= Dataset excerpts =
◆ ◆ ◆ ◆ ◆ ◆ ◆
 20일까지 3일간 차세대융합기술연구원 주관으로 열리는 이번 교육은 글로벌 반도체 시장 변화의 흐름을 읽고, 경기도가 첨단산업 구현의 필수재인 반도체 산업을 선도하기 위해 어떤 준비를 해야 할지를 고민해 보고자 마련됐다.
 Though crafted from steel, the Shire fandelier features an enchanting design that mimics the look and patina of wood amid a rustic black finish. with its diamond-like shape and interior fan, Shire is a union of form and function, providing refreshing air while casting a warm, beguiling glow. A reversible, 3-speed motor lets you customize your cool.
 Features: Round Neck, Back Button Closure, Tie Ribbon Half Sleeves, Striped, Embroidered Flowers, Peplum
◆ ◆ ◆ ◆ ◆ ◆ ◆
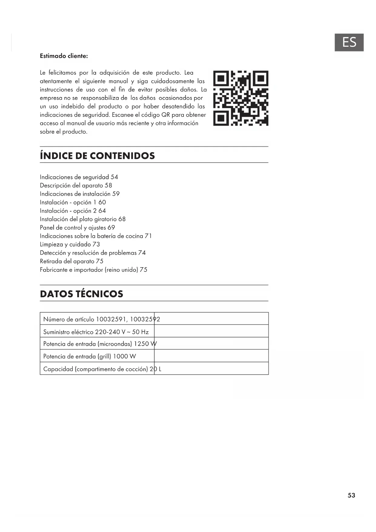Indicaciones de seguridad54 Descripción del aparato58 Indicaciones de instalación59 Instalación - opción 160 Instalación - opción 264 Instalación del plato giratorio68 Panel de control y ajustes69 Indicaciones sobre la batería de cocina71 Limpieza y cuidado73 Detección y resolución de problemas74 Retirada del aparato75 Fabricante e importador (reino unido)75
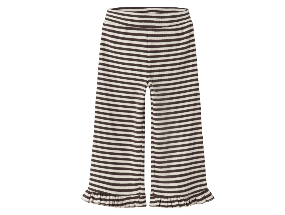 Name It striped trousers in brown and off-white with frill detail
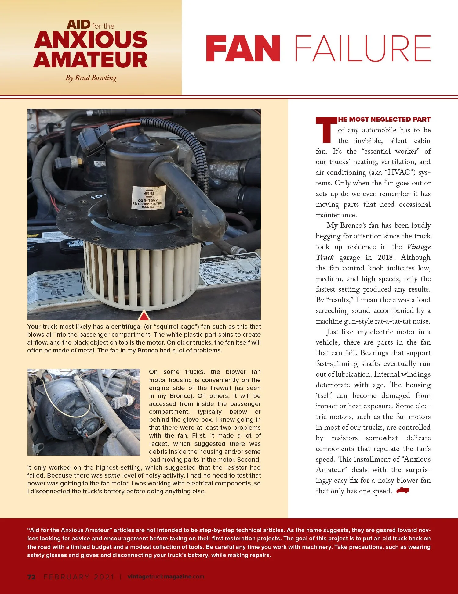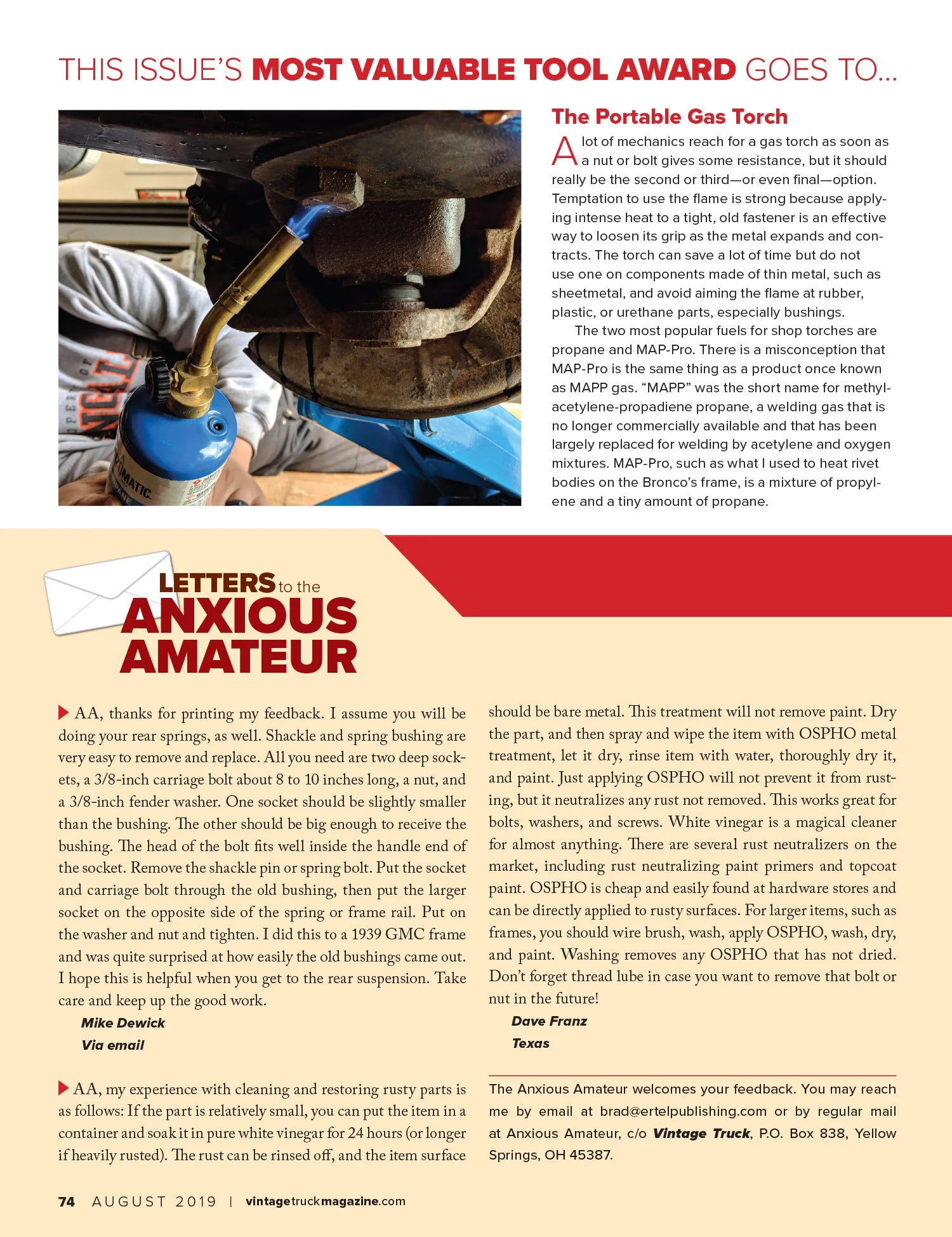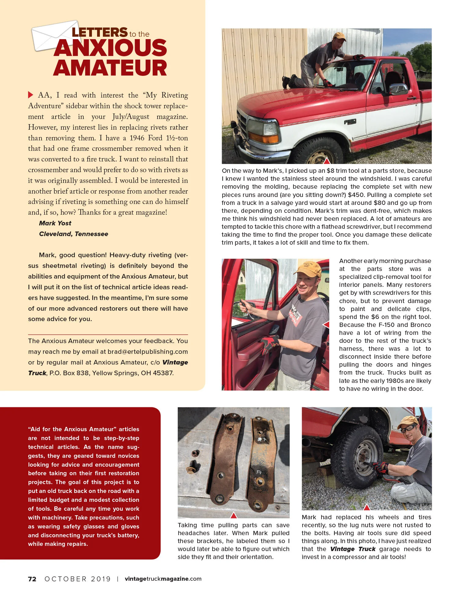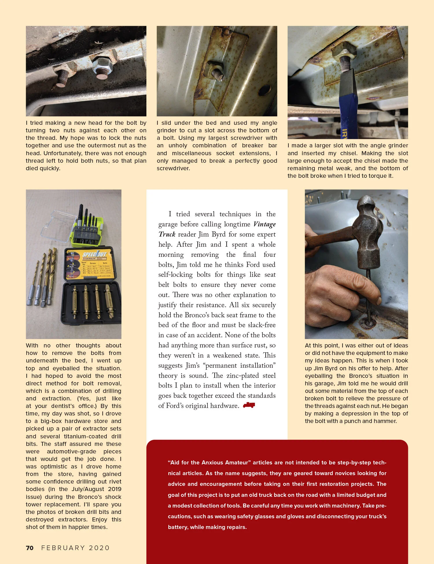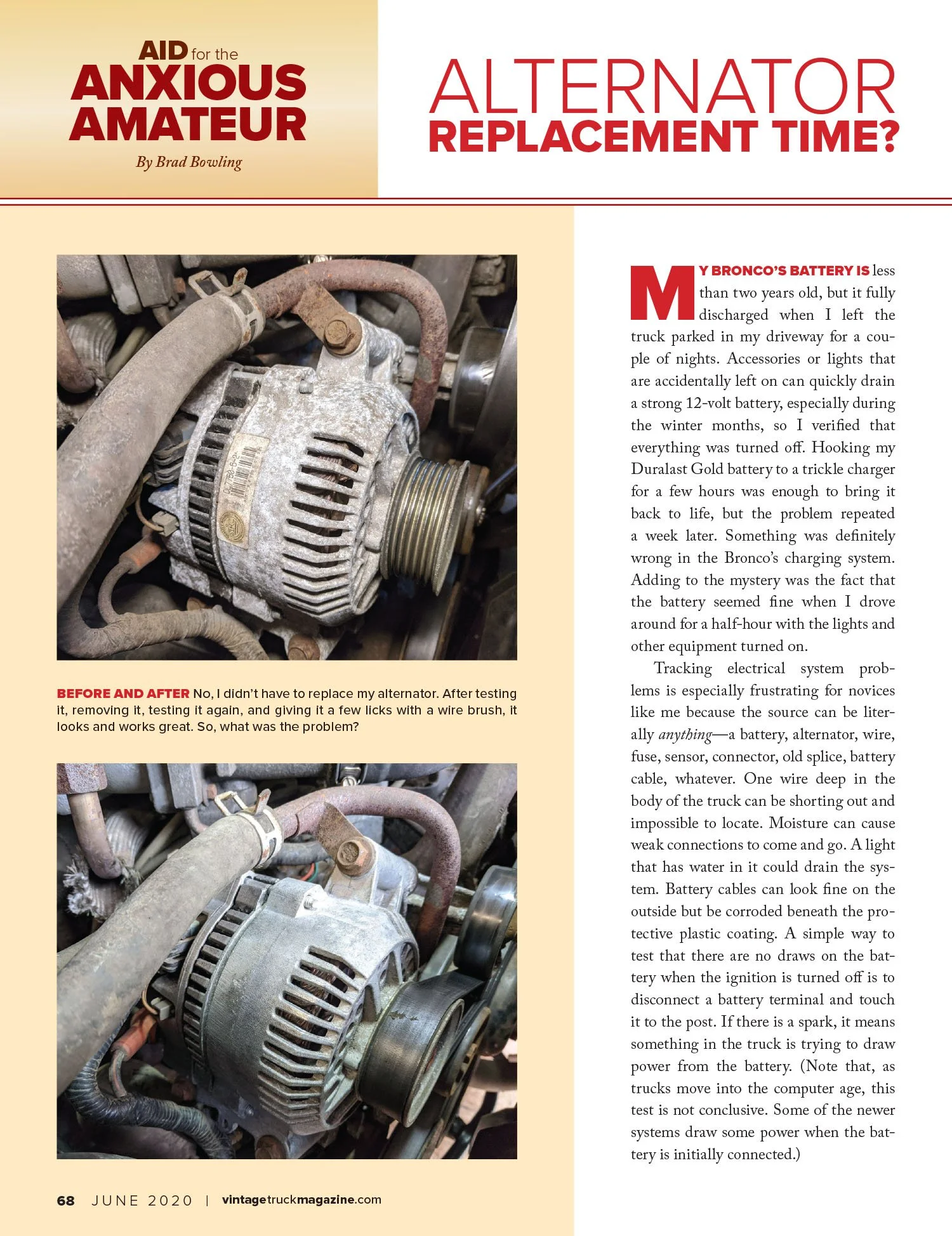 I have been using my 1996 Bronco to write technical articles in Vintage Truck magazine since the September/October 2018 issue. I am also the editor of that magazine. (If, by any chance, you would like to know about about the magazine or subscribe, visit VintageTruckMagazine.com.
◆ ◆ ◆ ◆ ◆ ◆ ◆
= Work to be completed =
The result should be an exact copy of only the lines above from the one that holds "Name It striped" through the one that holds "I have been", both ends included, without pictures.

= Result for this task =
 Name It striped trousers in brown and off-white with frill detail
 I have been using my 1996 Bronco to write technical articles in Vintage Truck magazine since the September/October 2018 issue. I am also the editor of that magazine. (If, by any chance, you would like to know about about the magazine or subscribe, visit VintageTruckMagazine.com.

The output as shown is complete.